III. Valuation process

The finance department performs the calculations of financial assets and liabilities required for financial reporting
purposes. This team reports directly to the chief financial officer (CFO). Discussions of valuation processes and results
are held between the CFO and the finance team at least once every three months, in line with the quarterly reporting
periods.

44 Financial risk management

The Company's principal financial liabilities comprise borrowings, trade and other payables. The main
purpose of these financial liabilities is to finance the Company's operations. The Company's principal
financial assets include loans, trade and other receivables, investments and cash and cash equivalents that
derive directly from its operations.

The Company is exposed to credit risk, liquidity risk and market risk. The Company's senior management
oversees the management of these risks.

A. Credit risk

The Company is exposed to credit risk from its operating activities (primarily for trade receivables) and
from its financing activities (deposits with banks and other financial instruments).

Credit risk management

Trade receivables

To manage credit risk, the Company follows a policy based on industry norms. The credit limit policy is
established considering the current economic trends of the industry in which the company is operating.
However, the trade receivables are monitored on a periodic basis for assessing any significant risk of non¬
recoverability of dues and provision is created accordingly.

Other financial assets

The Company periodically monitors the recoverability and credit risks of its other financial assets. The
Company evaluates 12 months expected credit losses for all the financial assets for which credit risk has
not increased significantly. In case credit risk has increased significantly, the Company considers life time
expected credit losses for the purpose of impairment provisioning.
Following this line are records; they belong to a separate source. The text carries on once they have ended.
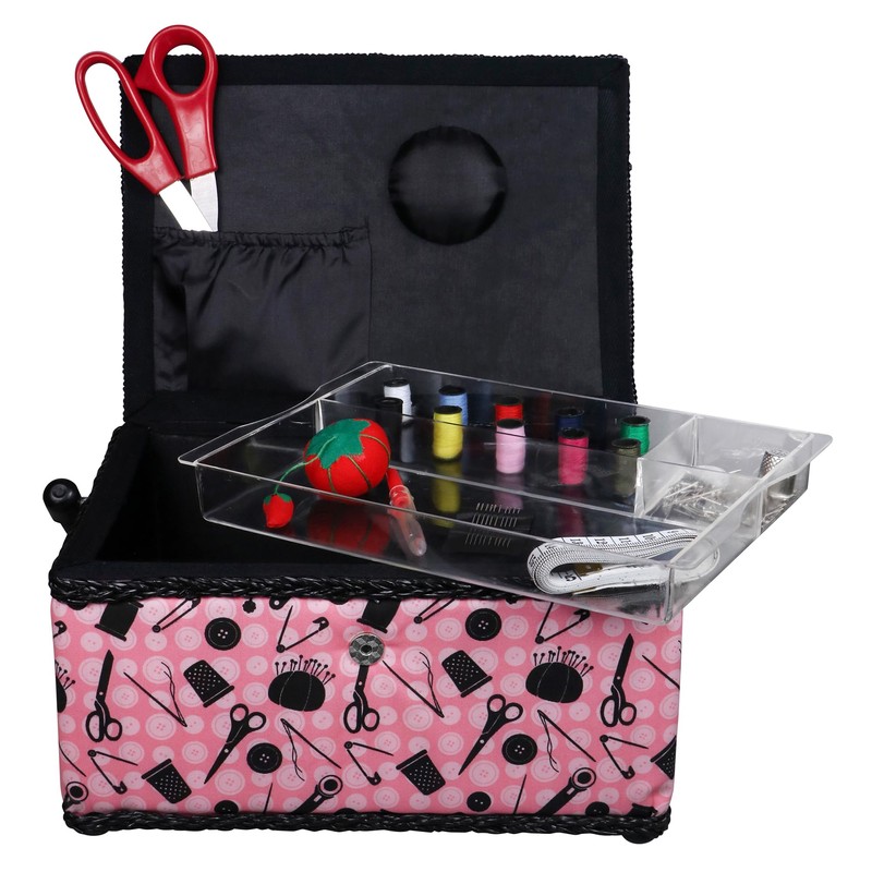 - Todo lo que necesita para proyectos de costura dentro de una canasta de moda de alta calidad.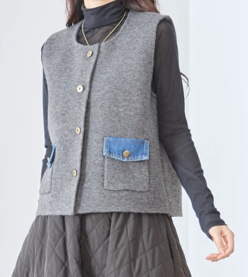 デニム使いニットベスト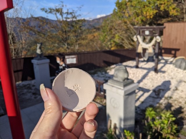 山上ではかわらけ投げも楽しめます。鳥居に下がる注連縄に入れば良縁にめぐまれ、さらに奥にある小さな鳥居に入るとありえないほどの縁にめぐまれるそう。かわらけは2枚100円にて販売中。

The Company has considered financial condition, current economic trends, forward looking macroeconomic
information, analysis of historical bad or doubtful receivables and ageing of receivables related to cash
and cash equivalents, bank balances and other financial assets. In most of the cases, risk is considered
low since the counterparties are reputed organisations with no history of default to the Company and no
unfavourable forward looking macro economic factors. Wherever applicable, expected credit loss allowance
is recorded.

Liquidity risk is defined as the risk that the Company will not be able to settle or meet its obligations on time or
at a reasonable price. For the Company, liquidity risk arises from obligations on account of financial liabilities -
borrowings, trade payables and other financial liabilities.

Liquidity risk management

The Company's corporate finance department is responsible for liquidity and funding as well as settlement
management. In addition, processes and policies related to such risks are overseen by senior management.
Management monitors the Company's net liquidity position through rolling forecasts on the basis of expected cash
flows.

The table below summarises the maturity profile of the Company's financial liabilities based on contractual
undiscounted payments (except lease liabilities) at each reporting date:

Market risk is the risk that the fair value of future cash flows of a financial instrument will fluctuate because of
changes in market prices. Market risk comprises three types of risk: Foreign currency risk, interest rate risk and
price risk.

(1) Foreign currency risk

The Company is exposed to foreign exchange risk on their receivables, payables which are held in USD, EUR, Thai
Baht, CHF and JPY. The Company's exposure arises mainly on import of raw material and capital items and export of
finished goods. The Company follows a policy of matching of import and export exposures (natural hedge) to reduce
the net exposure in any foreign currency. Whenever the natural hedge is not available or is not fully covering the
foreign currency exposure of the Company, management uses certain derivative instruments to manage its exposure
to the foreign currency risk. Foreign currency transactions are managed within approved policy parameters. The
Company uses forward contracts, options and cross currency swap to hedge its exposure to foreign currency risk.
The Company designates certain derivatives as hedging instruments in respect of foreign currency risk as cash flow
hedges.

Hedge ineffectiveness is determined at the inception of the hedge relationship, and through periodic prospective
effectiveness assessments to ensure that an economic relationship exists between the hedged item and hedging
instrument. The economic relationship and hedge effectiveness are based on the qualitative factors and the use of
a hypothetical derivative where appropriate.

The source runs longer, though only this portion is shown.